● **Prompt**
Exact copies of the lines below, from the one with "blunt edges. |" up to and including the one with "2021年3月13日(土)【", are what this calls for; leave out pictures.

*** Data Section Begins ***

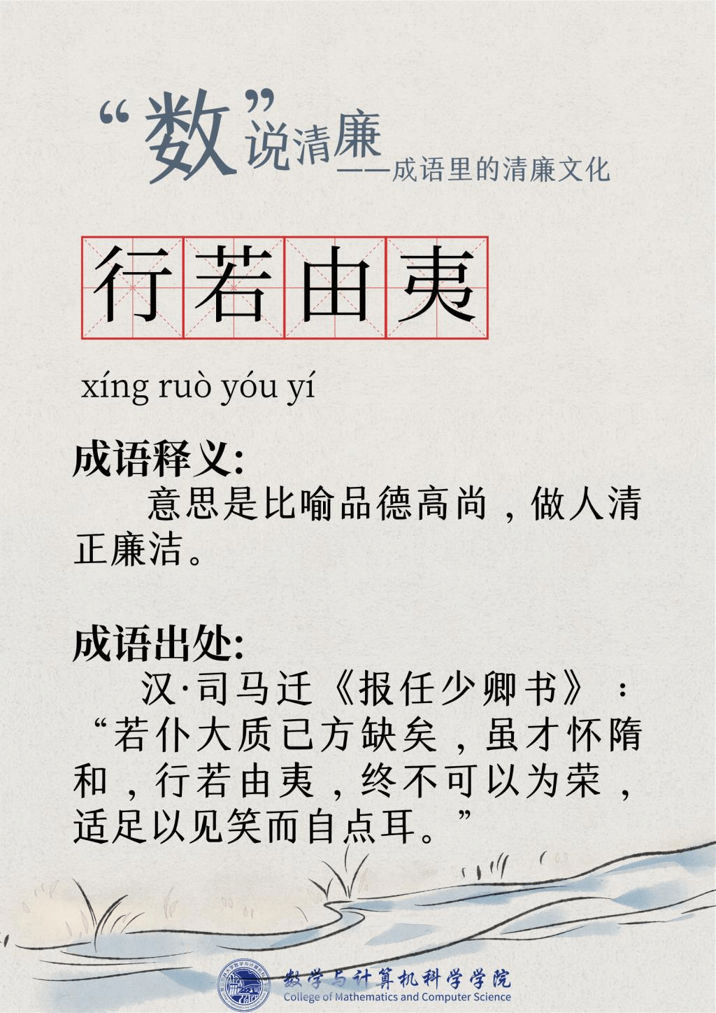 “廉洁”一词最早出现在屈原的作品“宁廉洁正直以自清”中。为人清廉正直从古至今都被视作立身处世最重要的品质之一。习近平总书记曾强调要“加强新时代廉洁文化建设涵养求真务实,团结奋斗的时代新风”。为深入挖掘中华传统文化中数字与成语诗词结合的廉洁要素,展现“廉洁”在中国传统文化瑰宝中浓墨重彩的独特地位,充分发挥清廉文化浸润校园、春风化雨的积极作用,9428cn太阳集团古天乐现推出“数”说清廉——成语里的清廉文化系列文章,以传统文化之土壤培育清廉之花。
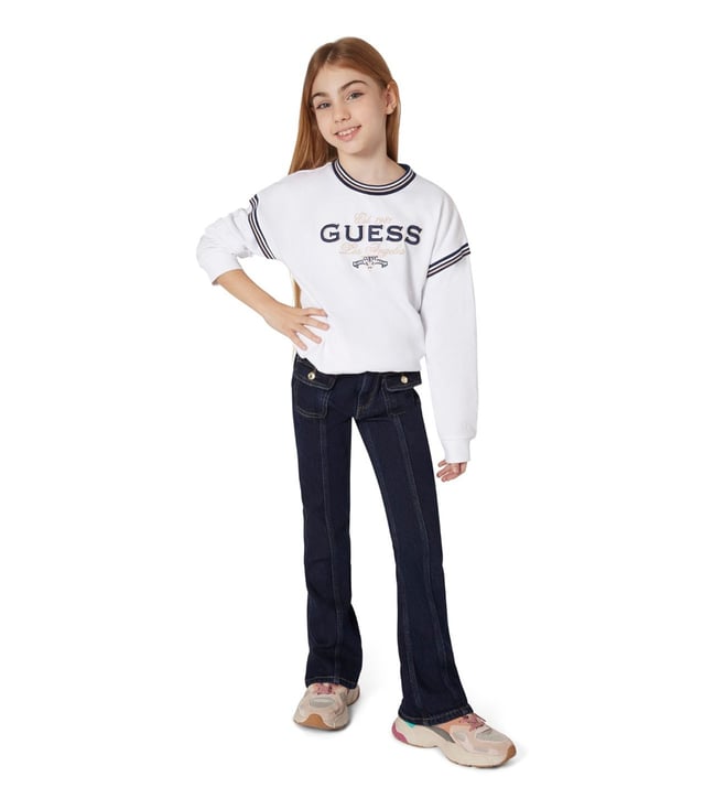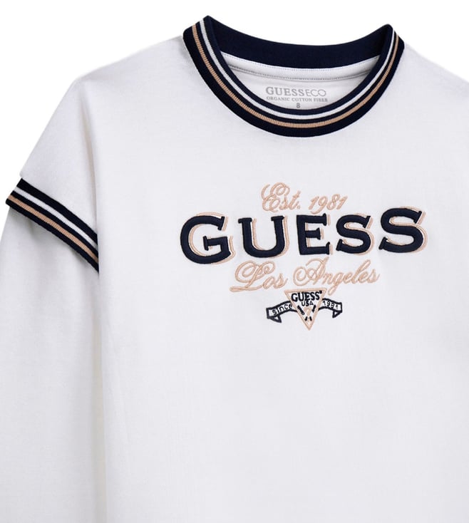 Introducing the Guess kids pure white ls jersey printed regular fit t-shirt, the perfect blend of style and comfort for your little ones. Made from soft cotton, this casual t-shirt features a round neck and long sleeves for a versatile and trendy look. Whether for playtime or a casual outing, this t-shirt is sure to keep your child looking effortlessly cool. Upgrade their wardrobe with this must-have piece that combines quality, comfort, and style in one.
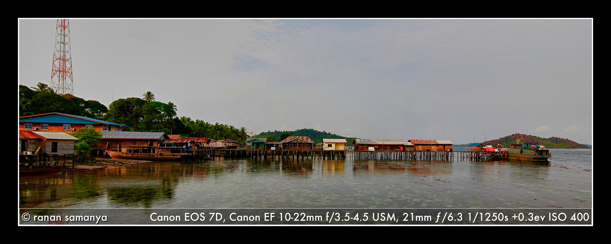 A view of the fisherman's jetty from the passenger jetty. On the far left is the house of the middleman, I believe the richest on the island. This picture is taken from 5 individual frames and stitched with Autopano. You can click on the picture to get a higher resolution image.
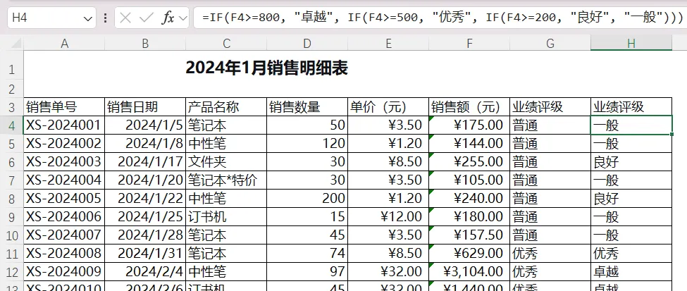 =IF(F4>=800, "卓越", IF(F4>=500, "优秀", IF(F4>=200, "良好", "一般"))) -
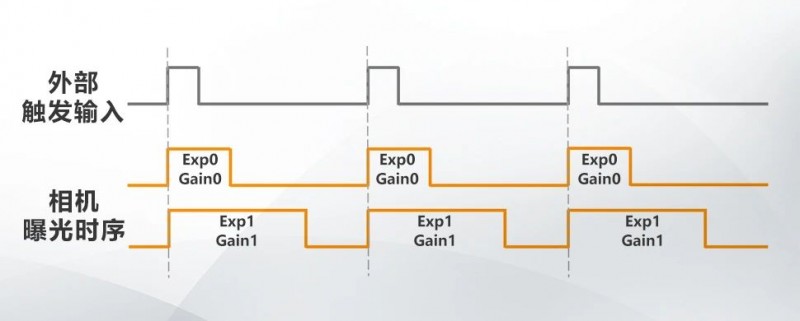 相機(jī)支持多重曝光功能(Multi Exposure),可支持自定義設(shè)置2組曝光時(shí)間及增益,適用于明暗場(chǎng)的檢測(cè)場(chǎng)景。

*** Data Section Ends ***
*** Data Section Begins ***

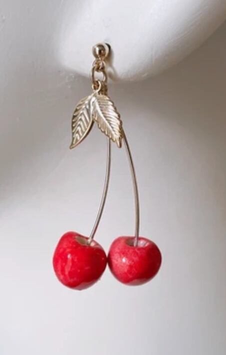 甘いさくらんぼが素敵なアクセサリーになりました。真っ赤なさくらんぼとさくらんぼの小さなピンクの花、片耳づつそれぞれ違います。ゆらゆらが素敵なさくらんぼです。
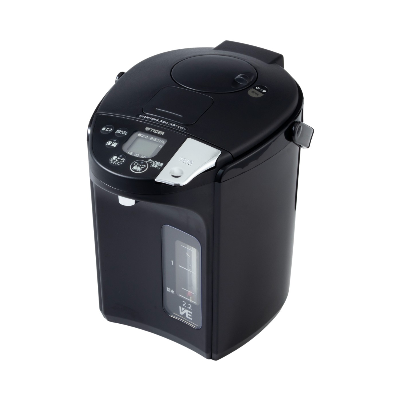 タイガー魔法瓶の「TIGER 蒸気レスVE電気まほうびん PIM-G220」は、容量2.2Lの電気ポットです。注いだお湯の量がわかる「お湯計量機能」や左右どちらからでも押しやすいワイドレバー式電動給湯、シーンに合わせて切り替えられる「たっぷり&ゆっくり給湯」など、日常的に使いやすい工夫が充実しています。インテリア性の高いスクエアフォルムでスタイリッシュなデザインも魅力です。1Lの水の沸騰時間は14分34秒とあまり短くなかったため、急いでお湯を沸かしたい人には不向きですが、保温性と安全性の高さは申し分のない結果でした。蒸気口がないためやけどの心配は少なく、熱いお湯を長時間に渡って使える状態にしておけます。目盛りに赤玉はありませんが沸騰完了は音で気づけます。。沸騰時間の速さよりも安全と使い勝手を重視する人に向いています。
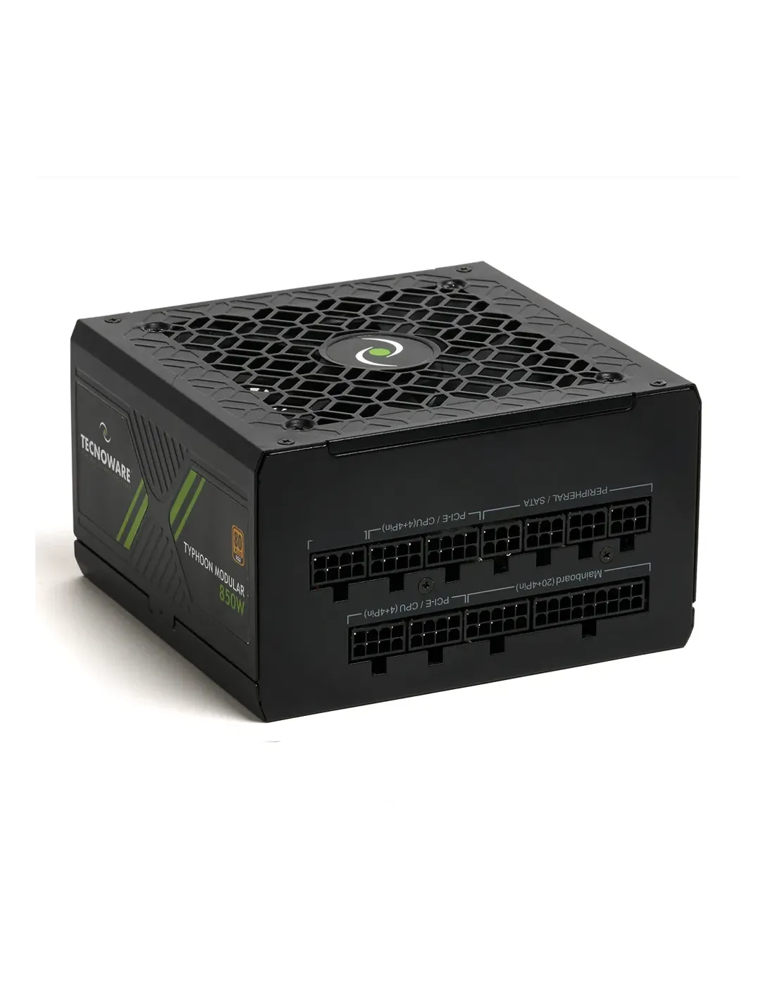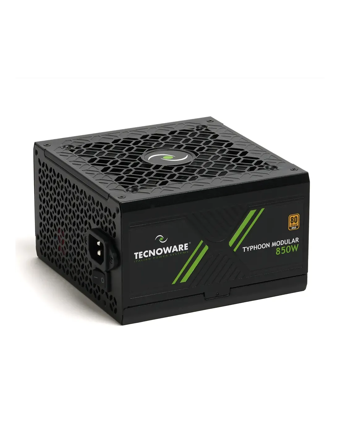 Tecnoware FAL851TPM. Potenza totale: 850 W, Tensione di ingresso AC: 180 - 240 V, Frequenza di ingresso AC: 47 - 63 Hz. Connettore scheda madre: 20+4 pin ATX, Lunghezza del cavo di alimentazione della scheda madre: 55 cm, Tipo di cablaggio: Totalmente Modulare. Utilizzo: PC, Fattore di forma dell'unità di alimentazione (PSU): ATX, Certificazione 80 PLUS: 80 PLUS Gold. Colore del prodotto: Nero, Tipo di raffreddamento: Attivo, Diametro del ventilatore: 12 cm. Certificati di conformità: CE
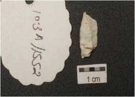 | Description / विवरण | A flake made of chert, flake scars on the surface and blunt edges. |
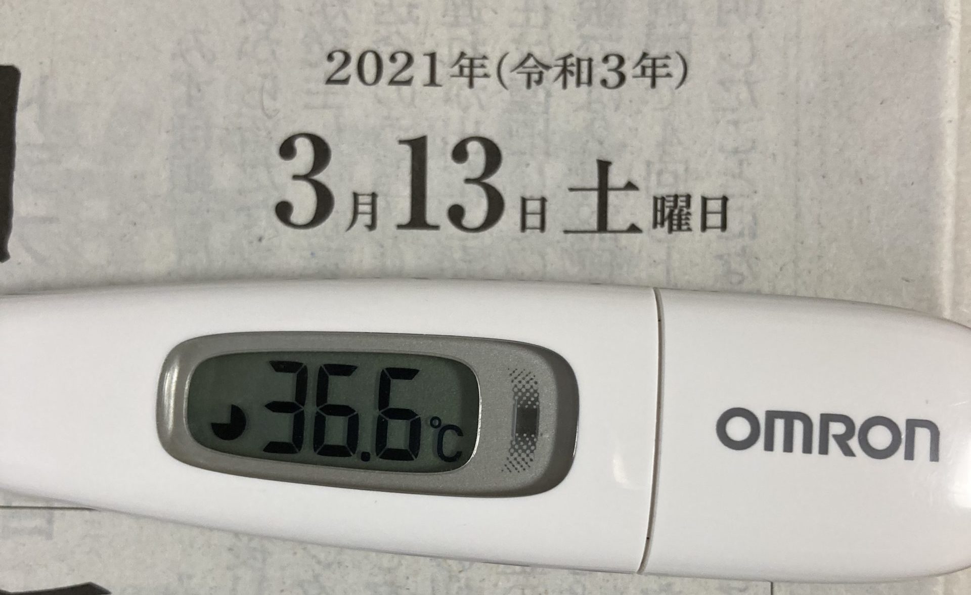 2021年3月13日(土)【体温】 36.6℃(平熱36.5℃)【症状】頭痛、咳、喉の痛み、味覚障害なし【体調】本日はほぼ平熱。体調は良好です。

*** Data Section Ends ***

● **Completed task**
 | Description / विवरण | A flake made of chert, flake scars on the surface and blunt edges. |
 2021年3月13日(土)【体温】 36.6℃(平熱36.5℃)【症状】頭痛、咳、喉の痛み、味覚障害なし【体調】本日はほぼ平熱。体調は良好です。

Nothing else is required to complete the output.